- GIVEN DATA -
▶

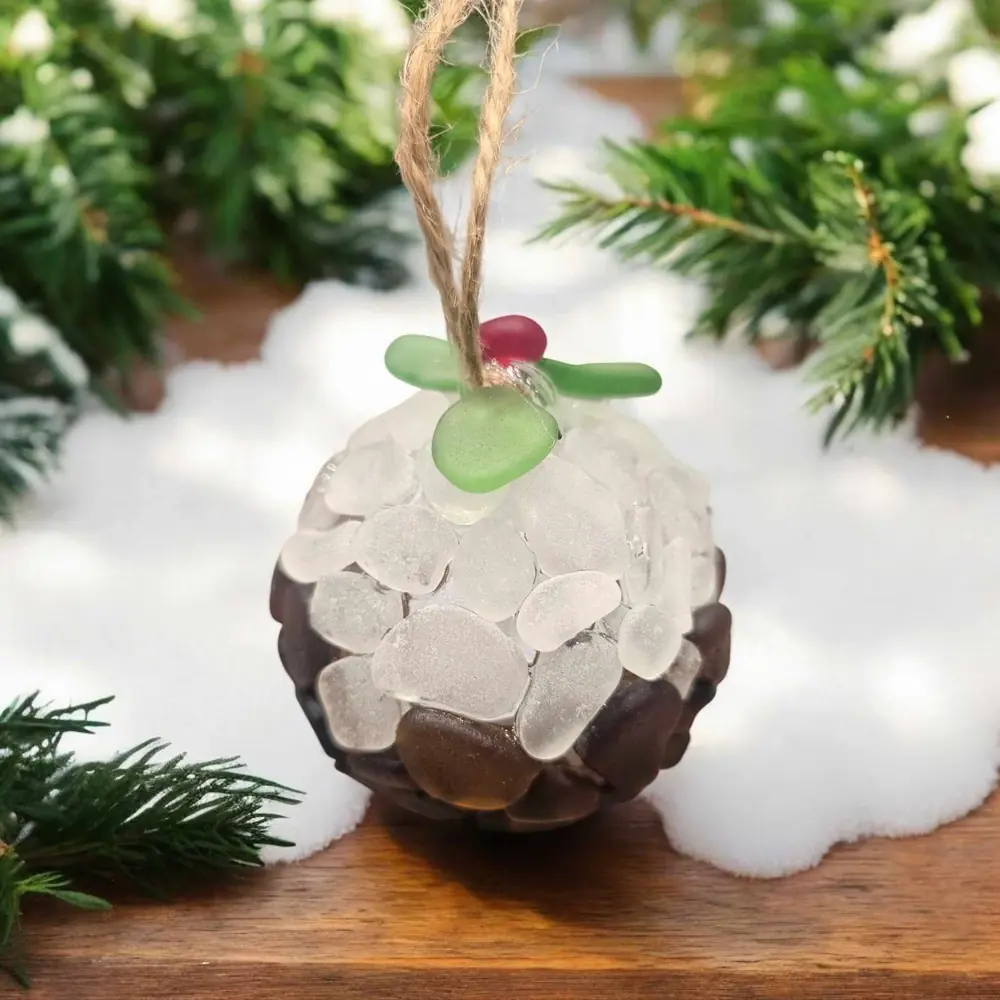 Handmade Materials: Crafted from frosty white, brown, and green seaglass, accented with a striking red seaglass bead, evoking the classic Christmas pudding style.
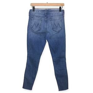 Mother Looker Ankle Fray Jeans in Light Wash Side Stripe Blue Pink Size 29
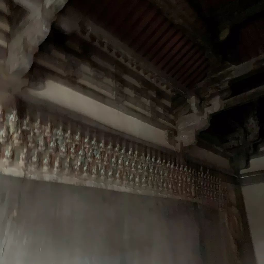 千佛殿梁架,既无虚设构件,亦无重复配置,技巧娴熟,手法洗练,负重均衡适度,结构合理有力,是我国宋代小型殿宇中具有代表性的遗作。殿顶琉璃色彩艳丽,造型生动,窗棂式样苍古,仍为宋人旧作。殿内佛坛束腰须弥式,束腰剔地突起雕花草纹,间柱上雕兽面,乃宋制无疑。坛上一佛二菩萨及背面侧座观音像,虽经后人重装,面相、衣饰、手法以及华丽无比的泥塑背光为明代雕塑,但彩塑的布列位置,躯体造型,头上发髻等,仍保留了宋代风格。

◀

- PROBLEM DETAILS -
Copy exactly, and only, the lines running from the one containing "Mother Looker Ankle" through the final line of the data, and omit the pictures.

- ANSWER SPACE -
 Mother Looker Ankle Fray Jeans in Light Wash Side Stripe Blue Pink Size 29
 千佛殿梁架,既无虚设构件,亦无重复配置,技巧娴熟,手法洗练,负重均衡适度,结构合理有力,是我国宋代小型殿宇中具有代表性的遗作。殿顶琉璃色彩艳丽,造型生动,窗棂式样苍古,仍为宋人旧作。殿内佛坛束腰须弥式,束腰剔地突起雕花草纹,间柱上雕兽面,乃宋制无疑。坛上一佛二菩萨及背面侧座观音像,虽经后人重装,面相、衣饰、手法以及华丽无比的泥塑背光为明代雕塑,但彩塑的布列位置,躯体造型,头上发髻等,仍保留了宋代风格。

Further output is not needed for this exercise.